As grandes religiões, que nos últimos cinco mil anos lutaram e ainda hoje competem entre si, para
manter os espaços conquistados, sentiram o sabor do poder, e saíram da condição de perseguidas
para perseguidoras.

Chega a ser assustador que grupos religiosos, que um dia se viram perseguidos, torturados e mortos,
ao chegarem no poder mudaram de atitude. De perseguidos à perseguidores, de torturados passaram
à condição de torturadores, e até da condição de vítimas de assassinatos à assassinos.

Quereria poder usar de termos mais brandos, mas o que no Brasil se tem assistido nas últimas
décadas, nos assusta.

Há 22 anos os Povos e Comunidades Tradicionais de Terreiro de Matriz Africana se estarreceu com


um absurdo: No dia 21 de janeiro de 2000, Iyalorisá Gildásia dos Santos, conhecida como mãe Gilda
de Ogum, fundadora do Axé Abassá de Ogum, em Itapuã (BA), foi atacada dentro do terreiro por
religiosos neopentecostais, essa agressão traumática contribuiu para acentuar os problemas cardíacos
que a levariam à morte.

Fomos à luta e conseguimos que o Presidente da República se juntasse a nós pela criação do Dia
Nacional de Combate à Intolerância Religiosa, e se desse, particular atenção, ao tratamento
isonômico e igualitário à todos os credos, religiosidades e sacralidades.
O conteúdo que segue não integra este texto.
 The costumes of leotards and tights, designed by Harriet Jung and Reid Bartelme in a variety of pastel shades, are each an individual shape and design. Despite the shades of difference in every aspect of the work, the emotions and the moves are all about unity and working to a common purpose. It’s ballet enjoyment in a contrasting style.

Foram anos de avanços, com destaque para a criação da Secretaria de Promoção da Igualdade Racial
da Presidência da República; na publicação de Editais em nível nacional que permitiam a
participação de todas as denominações religiosas do Brasil; cotas para negros nas universidades e
concursos públicos; o Programa de Segurança Alimentar e Nutricional, a criação da Política
Nacional de Cultura e de Desenvolvimento Sustentável Para os Indígenas, Povos e Comunidades
Tradicionais.

Entretanto, por uma série de fatores de ordem política, organizacional, institucional entre outras,
poucas organizações religiosas dos Povos e Comunidades Tradicionais do Brasil, conseguiram obter
o destaque e os avanços conseguidos por seguimentos religiosos hebraico-cristãos neopentecostais.
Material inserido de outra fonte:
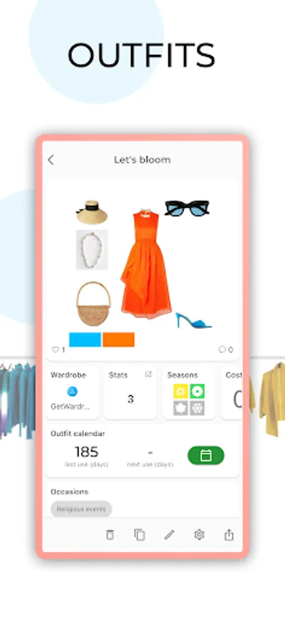 - WARDROBE: Add photos of your clothes or import from online stores using the standard sharing tool

O campo político foi determinante no avanço seletivo de seguimentos privilegiados em detrimento


de tantos outros.

A partir de tenebrosas transações vimos o agigantamento avassalador de igrejas ditas cristãs, muitas
das quais construídas com o uso de dinheiro público oriundo de emendas parlamentares em nível
municipal, estadual e federal.

Os meios de Comunicação, principalmente os canais de televisão, cujo sinal de transmissão pertence


ao Estado, em questão de pouquíssimo tempo, passaram à condição de território proselitista, e o
Brasil passou a ter uma forte campanha absurda contra tudo aquilo que não era “terrivelmente”
cristão.

A serpente espalhou seus ovos em lugares estratégicos, e praticamente nenhum espaço social,
cultural, educacional, militar e civil ficou imune ao proselitismo radical.
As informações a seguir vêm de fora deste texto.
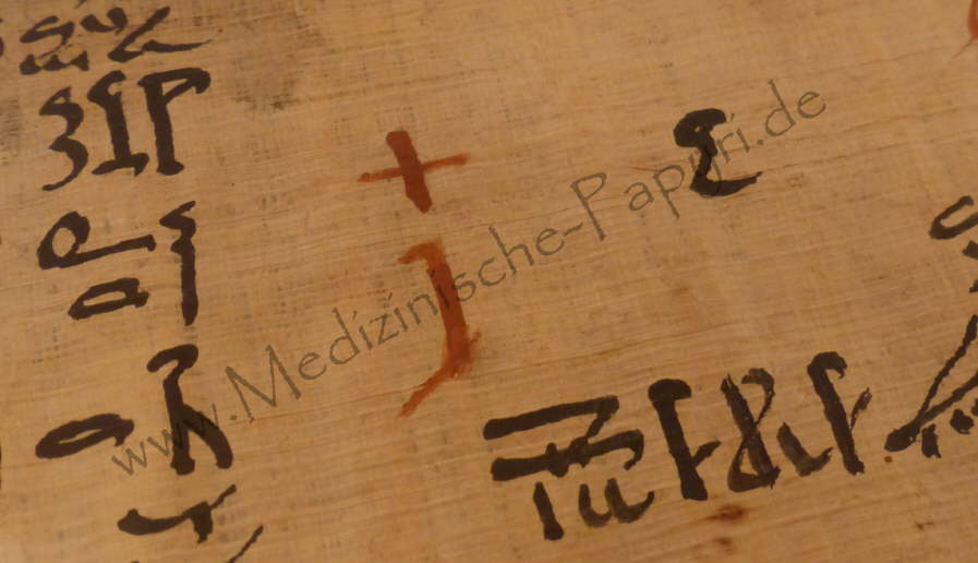Papyrus Ebers, Kolumne 6, Zeilen 19+20; die Quantenstriche am Zeilenende wurden jeweils in andere Quanten geändert

As cenas que pensávamos estarem erradicadas com o fim da ditadura Vargas dos anos 30, dos anos
de chumbo da ditadura civil-militar de 64, ressurgiram das sombras, e de norte ao sul, de leste à oeste
das terras brasileiras, a intolerância religiosa, a não Laicidade do Estado passaram à ser a ordem do
dia.

Vimos Casas de Axé serem invadidas, sacerdotes e sacerdotisas serem humilhados, agredidos,
mortos de várias formas.

Em nome de Jesus, e a mando de homens e mulheres de “Deus”, os traficantes de Jesus fazem igual e
até pior do que se viu em 350 anos de perseguição romana contra os cristãos, e em séculos das ações
nada cristãs do Tribunal do Santo Ofício e da própria Inquisição Evangélica.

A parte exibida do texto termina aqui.